##### SUPPLIED MATERIAL
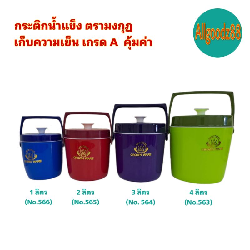 กระติกน้ำแข็ง เก็บความเย็น เกรด A คุ้มค่า ตรามงกุฏ ความจุ 1,2,3,4 ลิตร
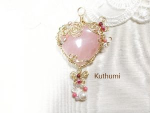 集めたローズクォーツの一部を眺めながら、祈りのクリスタルグリッドを作ってみたりして石と戯れながら、今日は1つを取り出してドレスアップしてみました❤️
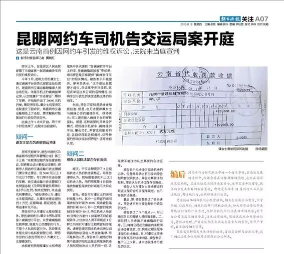 昆明女司机谭小英,去年5月11日通过“滴滴”网约车平台接单送乘客时,被昆明市交通运输局交通稽查人员当场逮住,暂扣车辆,罚款两万元。谭小英不服,将昆明市交通运输局告上法庭,要求撤销对她的行政处罚。今年1月5日上午,,确认昆明市交运局对谭小英所作出的交通行政处罚决定违法,滴滴司机胜诉。双方是否上诉,目前不得而知。
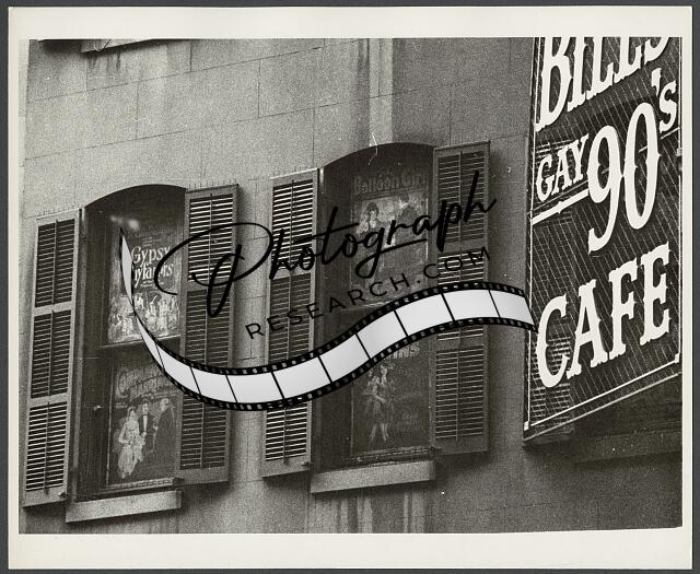 [[Advertisement posters outside Bill's Gay 90's Cafe]]
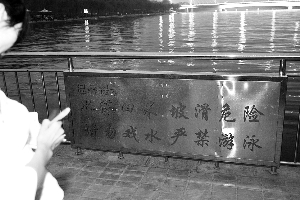 昨晚,記者在運(yùn)河?xùn)|碼頭采訪時(shí)發(fā)現(xiàn),出事運(yùn)河附近設(shè)有“水深4米、坡滑危險(xiǎn)、請(qǐng)勿戲水,嚴(yán)禁游泳”的警示牌。
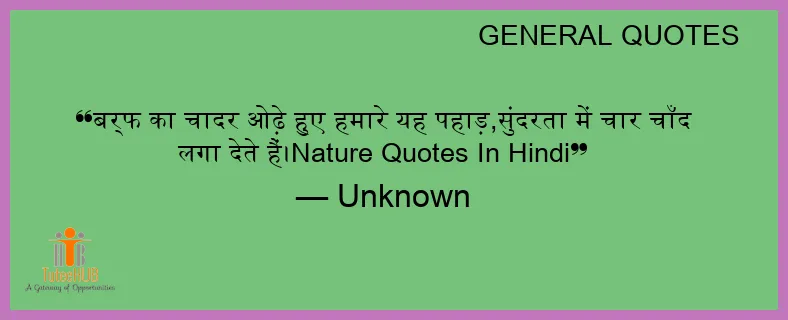 बर्फ का चादर ओढ़े हुए हमारे यह पहाड़,सुंदरता में चार चाँद लगा देते हैं।Nature Quotes In Hindi
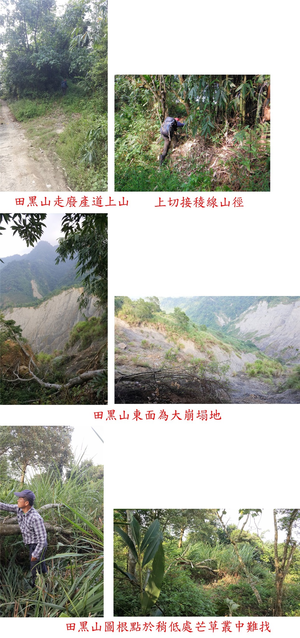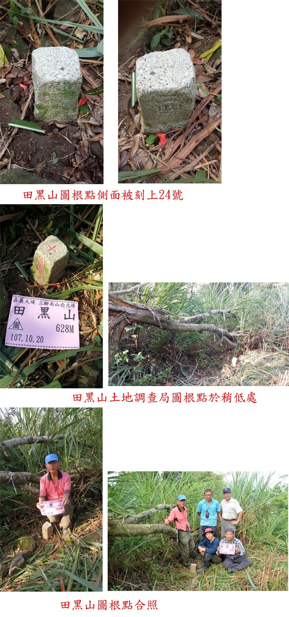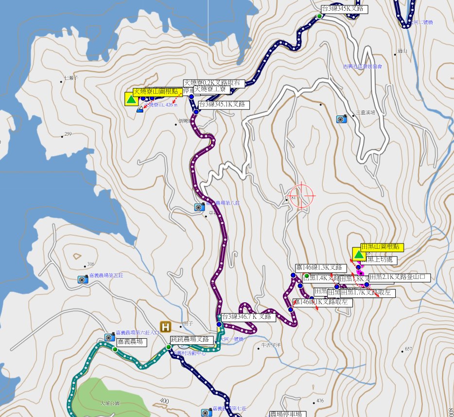 6、田黑山:又稱三腳南山西北峰,位於嘉義縣大埔鄉,標高628公尺,土地調查局圖根點;座標206463 2572701。
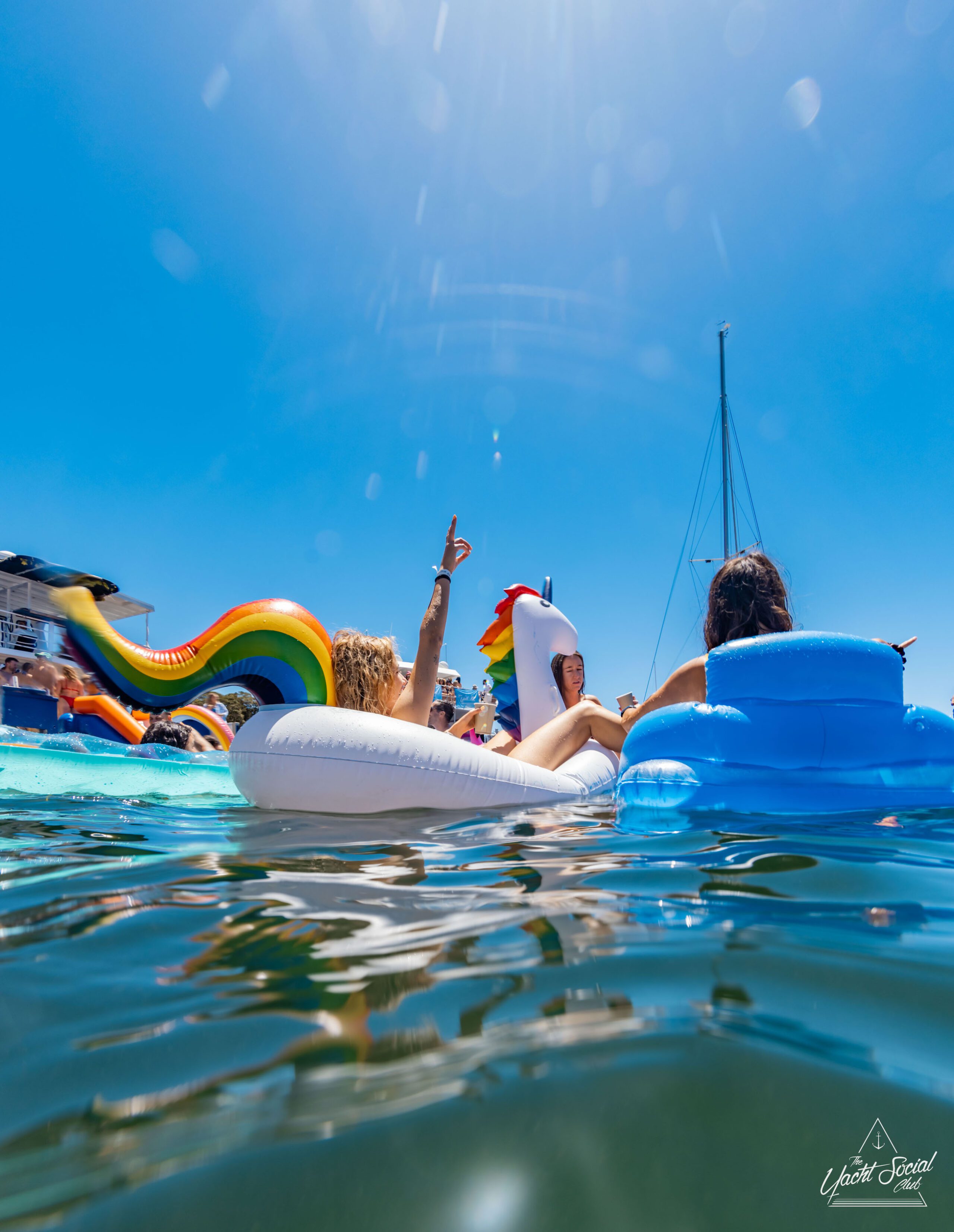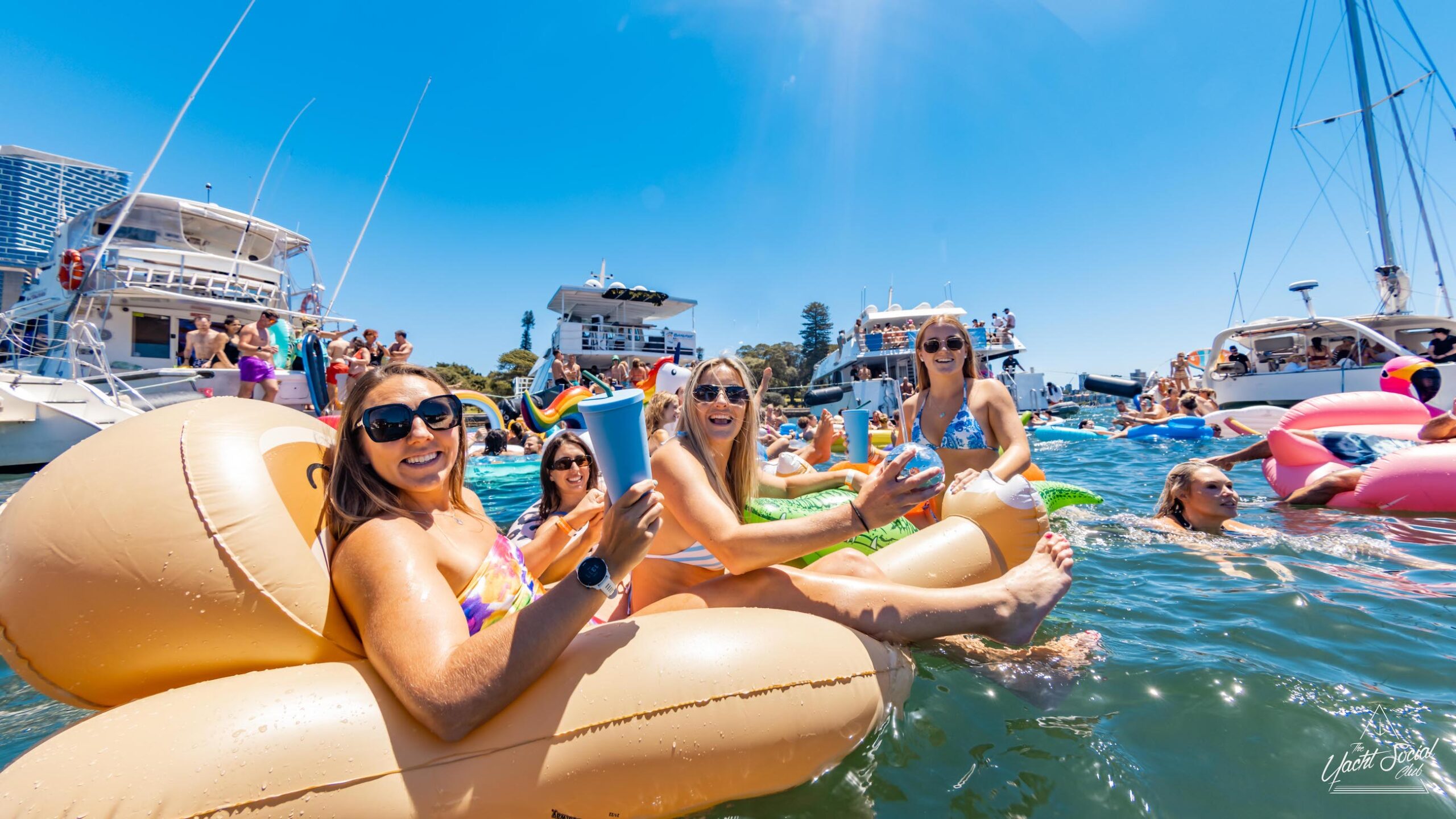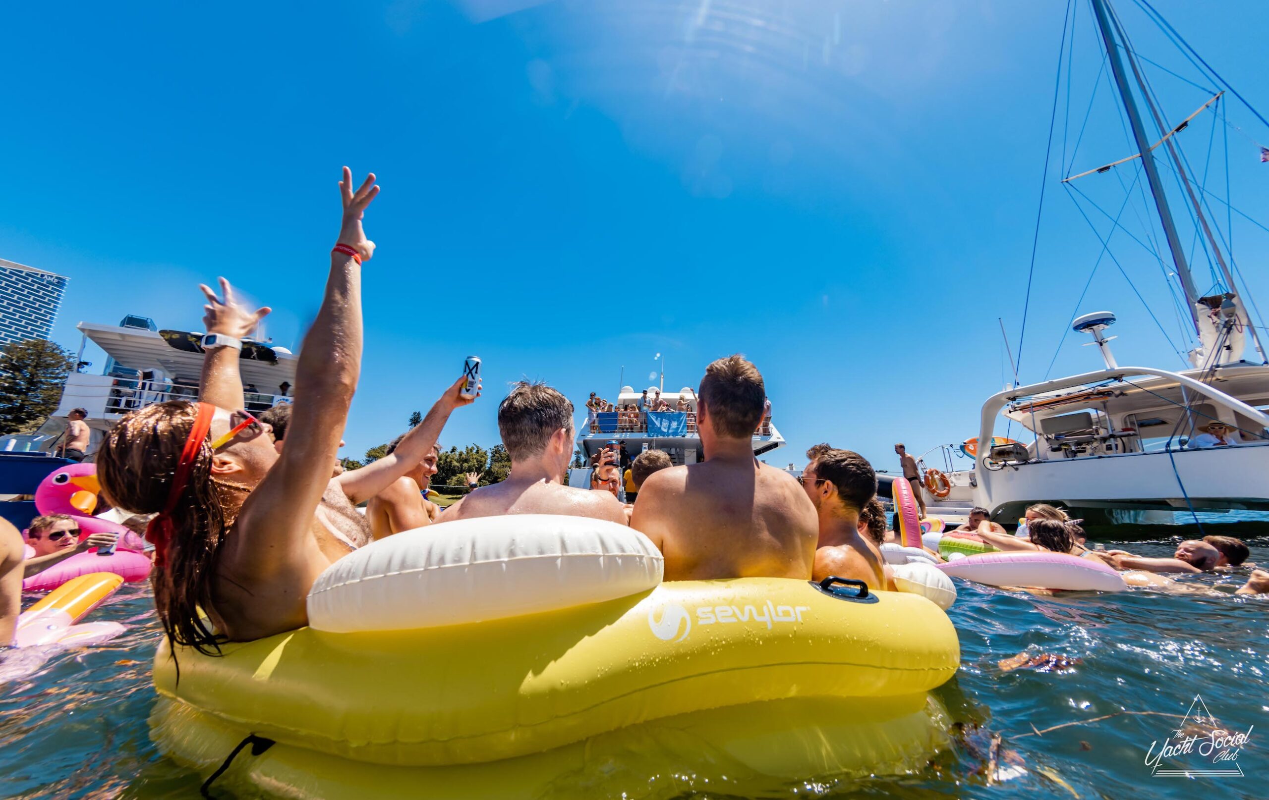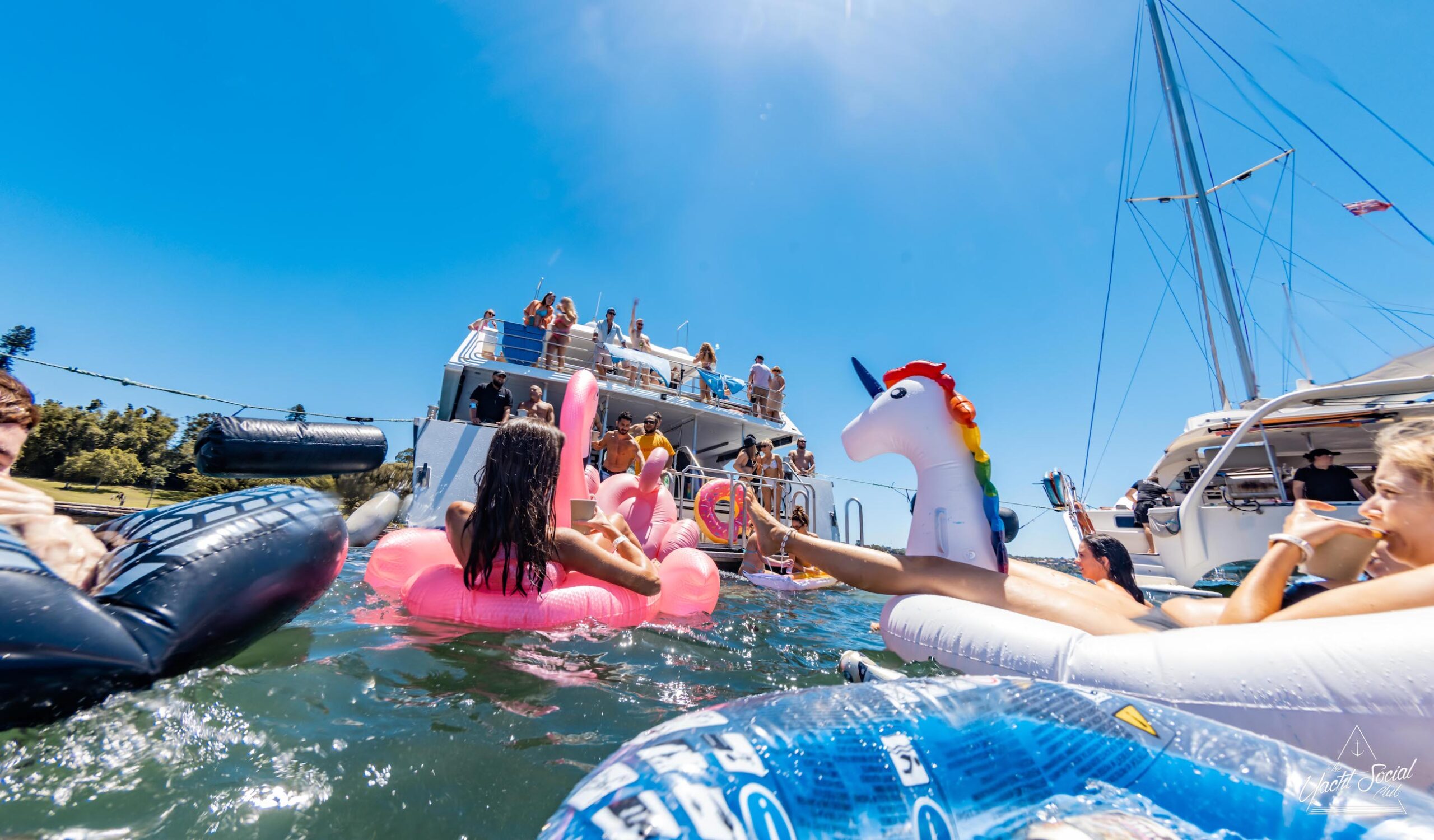 A group of people floats on inflatable rafts and inner tubes in the water near boats on a sunny day, enjoying a festive Catamaran party in Sydney Harbour.
##########
WORK ORDER:
Retype every record above exactly as written, but leave out the pictures.

OUTPUT BELOW:
 กระติกน้ำแข็ง เก็บความเย็น เกรด A คุ้มค่า ตรามงกุฏ ความจุ 1,2,3,4 ลิตร
 集めたローズクォーツの一部を眺めながら、祈りのクリスタルグリッドを作ってみたりして石と戯れながら、今日は1つを取り出してドレスアップしてみました❤️
 昆明女司机谭小英,去年5月11日通过“滴滴”网约车平台接单送乘客时,被昆明市交通运输局交通稽查人员当场逮住,暂扣车辆,罚款两万元。谭小英不服,将昆明市交通运输局告上法庭,要求撤销对她的行政处罚。今年1月5日上午,,确认昆明市交运局对谭小英所作出的交通行政处罚决定违法,滴滴司机胜诉。双方是否上诉,目前不得而知。
 [[Advertisement posters outside Bill's Gay 90's Cafe]]
 昨晚,記者在運(yùn)河?xùn)|碼頭采訪時(shí)發(fā)現(xiàn),出事運(yùn)河附近設(shè)有“水深4米、坡滑危險(xiǎn)、請(qǐng)勿戲水,嚴(yán)禁游泳”的警示牌。
 बर्फ का चादर ओढ़े हुए हमारे यह पहाड़,सुंदरता में चार चाँद लगा देते हैं।Nature Quotes In Hindi
 6、田黑山:又稱三腳南山西北峰,位於嘉義縣大埔鄉,標高628公尺,土地調查局圖根點;座標206463 2572701。
 A group of people floats on inflatable rafts and inner tubes in the water near boats on a sunny day, enjoying a festive Catamaran party in Sydney Harbour.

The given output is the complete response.